Aging, End of Life and Loss of an Assistance Dog
As these dogs age, veterinarians caring for assistance dogs should continue to track how the welfare and working ability of these dogs may be changing (57, 62). Many domestic dogs experience cognitive decline and physical impairments as they age, which can include symptoms such as disorientation, altered interactions with humans and other animals, sleep-wake cycle disturbances, house-soiling, and changes in activity levels (89); clinical signs that are often classified with the acronym DISHA Loss of previously-learned cues may also be evident (89), particularly in highly-trained assistance dogs. These changes can significantly impact working ability, and if detected by the owner or veterinarian, the dog's duties may need to be curtailed, or retirement for the dog considered (63). Recommendations for maintaining cognitive function in domestic dogs as they age include ensuring sufficient mental and physical enrichment, feeding a diet specifically formulated for senior dogs, and supplementation with antioxidants (90, 91) nutraceuticals (92), and/or medication such as Anipryl (L-deprenel; Zoetis) (93). Guidelines such as the American Animal Hospital Association's Senior Care Guidelines for Dogs and Cats (94) can assist in ensuring optimal physical and mental wellness in aging assistance dogs. Many guide dogs are retired due to problematic changes associated with aging (95), but the choice about when to retire an assistance dog will vary depending on the dog, the owner, and the type of work that the dog does on a daily basis. Veterinarians can assist with this decision-making process by providing ongoing information about the mental and physical health of the dog, and options for prolonging working ability and quality of life. Research-based recommendations for assisting these dogs to transition from working into retirement are lacking (69).

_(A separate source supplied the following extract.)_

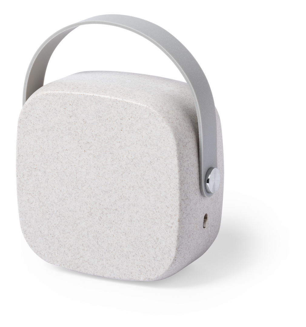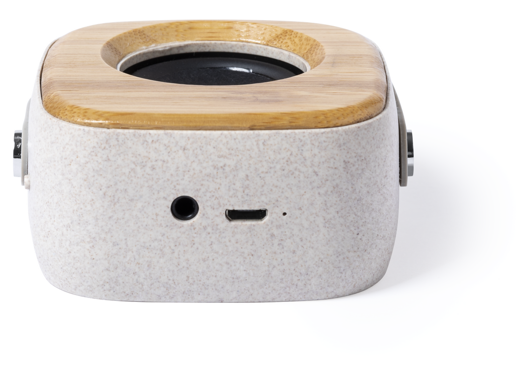 Altavoz Bluetooth en combinación de piezas de bambú de corte nature y carcasa en caña de trigo, para así fomentar la utilización de materias primas naturales y reducir las emisiones contaminantes. De tamaño compacto y con práctica asa de transporte en su Conexión Bluetooth. Potencia 3W. Recargable USB. Cable Incluido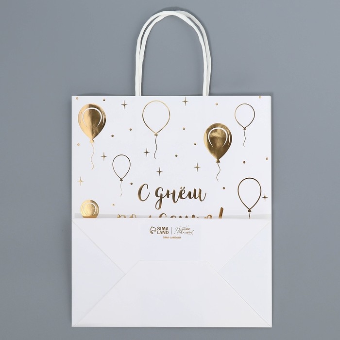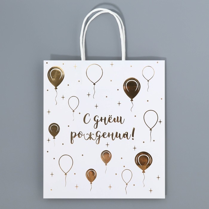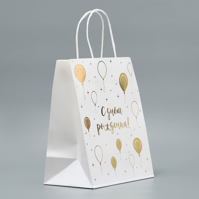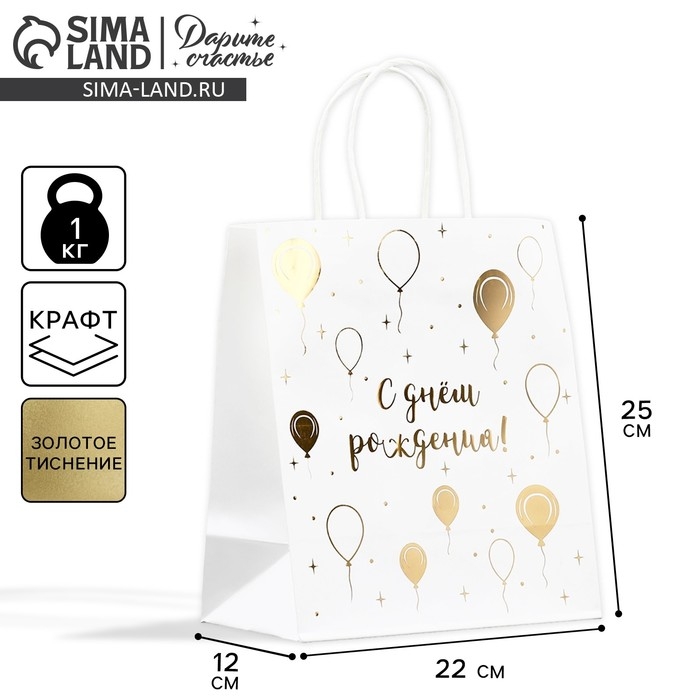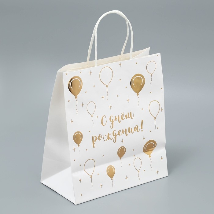 Пакет подарочный крафтовый, упаковка, «С днём рождения!», 22 х 25 х 12 см

These dogs fulfill important attachment and caregiving needs for their human partners, and the loss or imminent loss of an assistance dog can be a source of intense grief for these clients (96, 97). Veterinarians and clinic staff should familiarize themselves with the ways in which client grief may be expressed, and may benefit from continuing education or additional training in helping clients cope with their grief, provided by a qualified counseling professional (especially if they feel uncomfortable working with clients in this situation, and/or if sufficient training was not provided by their veterinary school curriculum) (98). Clients who are already experiencing adverse events in other aspects of their lives will be particularly at risk of severe grief associated with loss of an assistance dog (99). Levels of stress at retirement of the dog are generally lower for clients who continue to live with the dog after retirement, or who are able to place the dog in a home of their choosing (99). In addition to the emotional impact, however, there are significant logistical challenges and added stress associated with this event (100). Loss of the dog represents a significant loss of independence and mobility for many clients, and in most cases, these impacts continue while the client applies for, waits for, and trains with a new dog (40). Veterinarians working with clients relying on assistance dogs should provide these clients as much information as possible on the timing of the illness, quality of life, and the ability to keep working, and assist with planning for transitions in any way relevant to their role in the veterinarian-client-patient triad. Some clients may benefit from working directly with a human medical professional trained in grief counseling, or by seeking support and advice from an assistance dog organization (100). If euthanasia is necessary, clients with disabilities may benefit from in-home euthanasia of the animal, which is not only less stressful for many clients and patients, but also eliminates the logistical challenges for the client in accessing the veterinary clinic.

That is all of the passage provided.